Data governance is important because it brings meaning to an organization’s data. It adds trust and understanding to an organization’s data through stewardship and a robust business glossary, thus accelerating digital transformation across the enterprise.
Why is data governance important?
Data governance is about managing data and processes so data can be used as a consistent, secure and organized asset that meets policies and standards. Effective, enterprise-grade data governance does the following:
- Breaks down departmental silos
- Determines policies
- Supports the data stewardship process
- Shows how data is organized
- Aligns terms across the organization
- Connects technical databases and those terms.
Data governance is important because it goes beyond data management or master data management; it allows data citizens to access the right information and extract value from the data.
What are the benefits of data governance?

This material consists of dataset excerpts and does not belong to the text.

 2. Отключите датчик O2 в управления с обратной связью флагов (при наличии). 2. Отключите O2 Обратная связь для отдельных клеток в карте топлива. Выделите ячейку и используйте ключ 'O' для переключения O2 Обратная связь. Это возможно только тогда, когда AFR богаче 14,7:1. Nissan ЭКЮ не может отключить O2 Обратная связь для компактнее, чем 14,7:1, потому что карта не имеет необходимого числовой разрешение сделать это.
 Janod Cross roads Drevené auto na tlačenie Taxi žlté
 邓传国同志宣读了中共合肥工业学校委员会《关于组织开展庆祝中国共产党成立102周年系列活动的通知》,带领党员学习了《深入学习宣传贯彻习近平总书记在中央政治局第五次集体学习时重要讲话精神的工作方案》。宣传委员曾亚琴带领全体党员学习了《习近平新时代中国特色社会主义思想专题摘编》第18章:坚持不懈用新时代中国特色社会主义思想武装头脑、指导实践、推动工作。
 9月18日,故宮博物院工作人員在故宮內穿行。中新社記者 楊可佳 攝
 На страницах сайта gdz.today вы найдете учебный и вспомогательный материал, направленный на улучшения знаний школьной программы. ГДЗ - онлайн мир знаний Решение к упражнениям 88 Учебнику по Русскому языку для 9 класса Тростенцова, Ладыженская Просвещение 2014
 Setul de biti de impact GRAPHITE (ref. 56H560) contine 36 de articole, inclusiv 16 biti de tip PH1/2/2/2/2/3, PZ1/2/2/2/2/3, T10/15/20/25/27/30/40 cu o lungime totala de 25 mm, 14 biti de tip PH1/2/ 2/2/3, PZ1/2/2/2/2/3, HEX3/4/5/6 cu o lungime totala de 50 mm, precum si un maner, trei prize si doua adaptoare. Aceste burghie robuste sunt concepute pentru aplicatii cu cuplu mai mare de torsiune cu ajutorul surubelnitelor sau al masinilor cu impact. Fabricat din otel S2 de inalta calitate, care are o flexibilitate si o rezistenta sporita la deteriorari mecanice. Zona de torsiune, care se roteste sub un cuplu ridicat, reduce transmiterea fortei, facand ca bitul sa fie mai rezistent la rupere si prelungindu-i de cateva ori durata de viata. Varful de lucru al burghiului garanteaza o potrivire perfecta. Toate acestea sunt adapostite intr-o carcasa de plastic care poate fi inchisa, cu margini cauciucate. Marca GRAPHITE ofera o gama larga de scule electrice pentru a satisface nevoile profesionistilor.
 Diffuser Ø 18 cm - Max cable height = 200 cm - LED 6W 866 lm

Effective data governance brings value to all team members across the organization. Data governance can address a number of use cases, but data governance brings value to these conditions in similar ways.
Data governance creates a shared language
Data governance allows teammates across departments to define business terminology, KPIs, rules, policies and more so everyone in the organization speaks the same language. By creating this shared language, organizations build a common understanding and leverage the same, consistent and trusted information.
Data governance brings people together to collaborate
Data governance provides a framework for collaboration through a shared language; teammates within and across departments can communicate using the same terminology and analyze the same data. Additionally, clarifying roles and responsibilities eliminates confusion and makes data processes and collaboration easy to follow.
Data governance makes data meaningful
Data governance brings context to an organization’s data.It enables teams to organize, document and evaluate the quality of available information assets. By defining terminologies, establishing controls, identifying responsibilities, and more, data governance makes sure all teammates have the context they need to trust data, access data, and develop valuable insights.
Creating a data governance plan
Now that you understand the importance of data governance, you need to understand how to put data governance into practice. As you begin to develop your data governance strategy, you should consider the following steps:
1. Acknowledge the disconnect between IT and the business.
Although IT supports your data needs as custodians, the business knows its data the best and is able to explain how supply chain, P&L results, and other business reports drive real business results.
In many cases, your IT organization should help the business by empowering end users to use technology platforms and enable self-service, rather than creating or managing data assets, terms, spreadsheets, and reports for departments. The amount of data a successful organization leverages on a daily basis should be exponentially beyond the capabilities of employees that support your IT tools.
When the lines of business are able to create and define their own terms and data flows in a system of record, they will be able to better realize their efficiencies (or inefficiencies) and solve their own business problems faster.
2. Articulate the value of data governance to business users
If your business users continue to see data governance as an IT issue, clarify the value that high quality and accessible data can bring to all units of the business. Estimate and communicate the ROI of a data governance program so the benefits feel more real to them. Consider sharing how there are varying advantages for different teams:
- Sales and marketing – Increase sales by using higher quality data to create more targeted campaigns
- Procurement – Reduce costs by using governed data to optimize purchasing processes and supply chain
- Legal and compliance – Avoid non-compliance, breaches, and fines by establishing ownership and policies around data.
- Finance – Improve reporting with better governed and easily accessible data.
3. Implement technology strategically
The reality is there are many great technologies that leverage new capabilities to discover data and tag terms to accelerate the heavy lifting of data recognition. However, at the end of the day, the bottom-up approach must be verified by the respective business owners and stewards. In many cases, unique business processes often become exceptions – requiring human interactions anyway. A growing company that wants to accelerate its profits and reduce its risks will often outsmart the structured environments that automation often relies on.
- Can any technology accurately detect dynamic changes in business workflows between business units, legal, privacy, compliance, HR, vendors, or suppliers?
- How is the flow of information recorded by your organization today to make intelligent decisions on how information should flow tomorrow?
People are at the center of these business-driven decisions, and technology should be leveraged to assist in recording human processes, not solely depended upon for innovation or decision making.
Keep pace with change
Remember that data governance is not just a one-off project or program. Data needs to be dynamic. Data practices need to evolve as the company and market landscape evolve. Consistently check on the changing needs of business users. Invest in technology that automates data processes. Stay abreast of industry trends and ultimately remember the importance of data governance to accelerate digital transformation.